Beth Scott, a 44-year-old transgender woman from New Jersey, successfully appealed a decision by Aetna to deny her coverage for a mammogram after a doctor recommended she undergo the procedure, reports the Transgender Legal Defense & Education Fund (TLDEF).
Throughout the appeals process Aetna refused to cover the mammogram, stating Scott’s policy didn’t cover treatments “related to changing sex.” But with the help of TLDEF, Scott was able to successfully argue that a mammogram has nothing to do with changing gender.
“I was denied access to the same health care benefits that my co-workers receive,” says Scott. “While I’m hopeful that my employer will soon eliminate the transgender health exclusion altogether, I’m relieved to know that the existing exclusion can no longer be used to unfairly deny me other needed health care like a cancer screening just because I’m transgender.”
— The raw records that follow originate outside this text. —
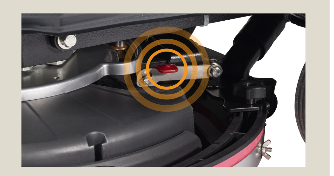
Lift the squeegee up by hand until it locks in up position and turn suction off for double scrubbing.

To go back to working mode, use the red lever to release the squeegee and turn suction on again.
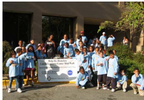
Help the Homeless Mini-Walk
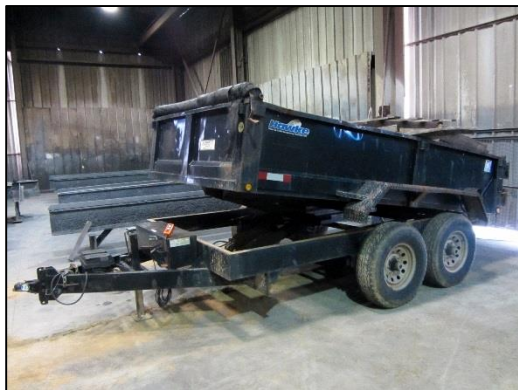
TOW-RITE HAWKE DUAL AXLE HYDRAULIC DUMP TRAILER
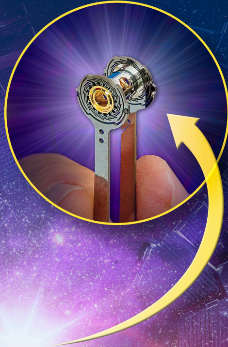
NIF Target Chamber with the Target Inserter/Positioner

Targeting Development in Fusion Research, Discovery Science and High Energy Density Physics
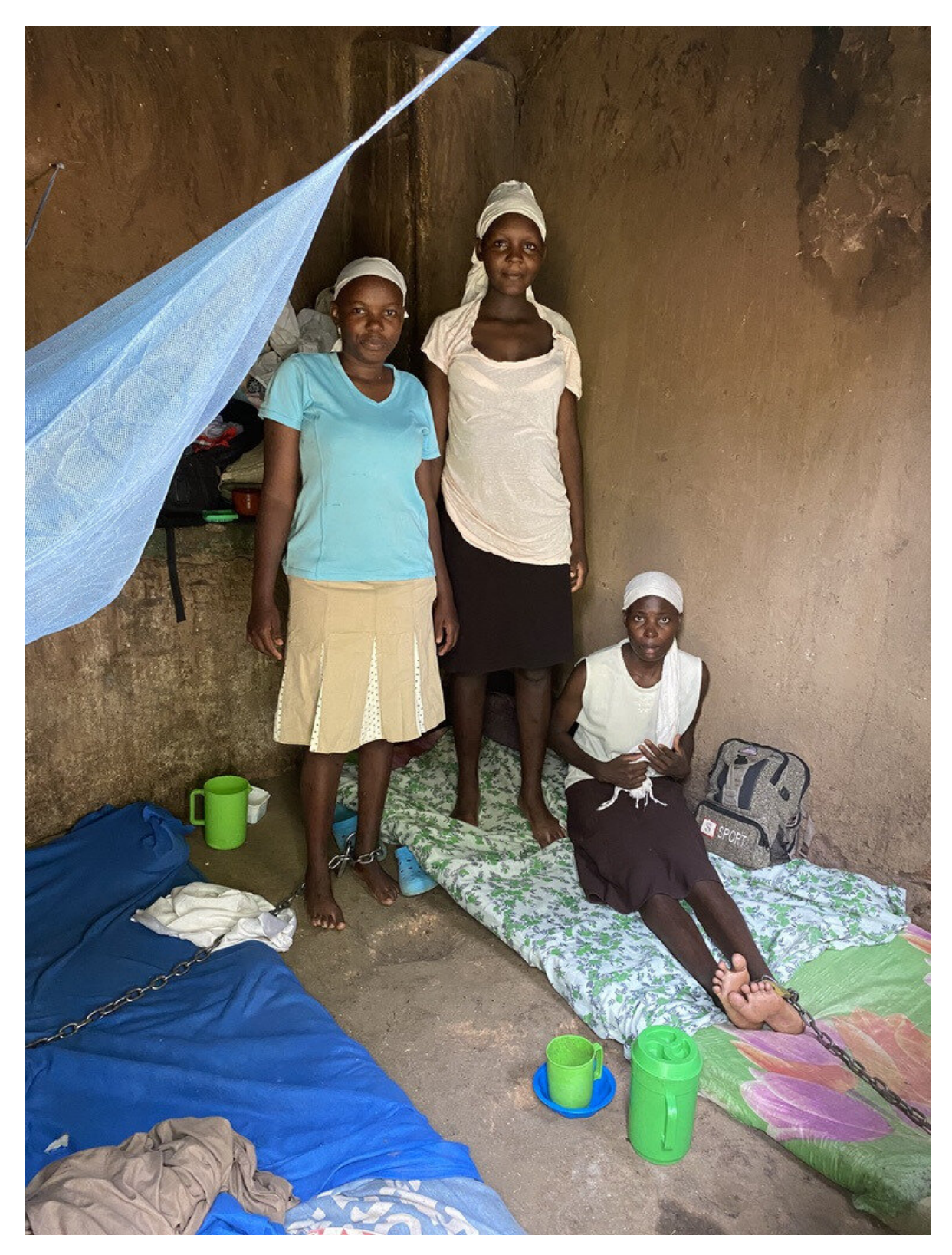
Two women are chained in a room at the Coptic Church Mamboleo, in Kisumu city, western Kenya, where over 60 men, women, and children with psychosocial disabilities are detained. They have to go to the toilet in front of each other, in a bucket in the room.

Along with sexual violence, women and girls with psychosocial disabilities also face violations of their reproductive rights. In some institutions in Indonesia where shackling is practiced, Human Rights Watch found women and girls with psychosocial disabilities were administered contraceptive injections without their knowledge or consent to prevent pregnancies as a result of rape by staff or male residents (Human Rights Watch, 2016, pp. 60-61).
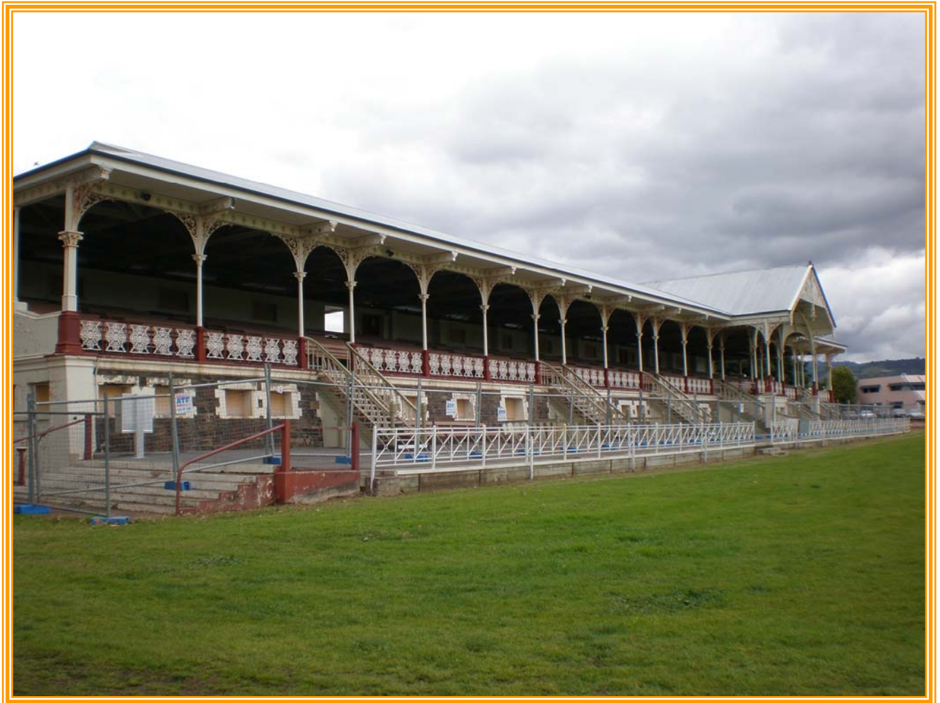
Victoria Park Grandstand Restoration

A statement from TLDEF indicates the decision will have an impact on future trans patients:
Aetna reversed its position and paid for Ms. Scott’s mammogram in full. It agreed that the policy exclusion for transgender health care will apply only to treatments prescribed to change an individual’s sex characteristics, and not to any other medically necessary care. Additionally, Ms. Scott secured changes to the health plan ensuring that transgender people can access all necessary sex-specific care, such as prostate exams and gynecological care, regardless of whether they are categorized as male or female in insurance records. Many transgender people have claims rejected when an insurance company asserts that the procedure is not covered because it does not match the sex listed in the policyholder’s records. The plan will also allow individuals to correct the sex on their insurance records by presenting an updated ID such as a driver’s license, passport or birth certificate.
Most health-insurance carriers still refuse to cover costs relating to gender transitioning, such as for surgery or hormones.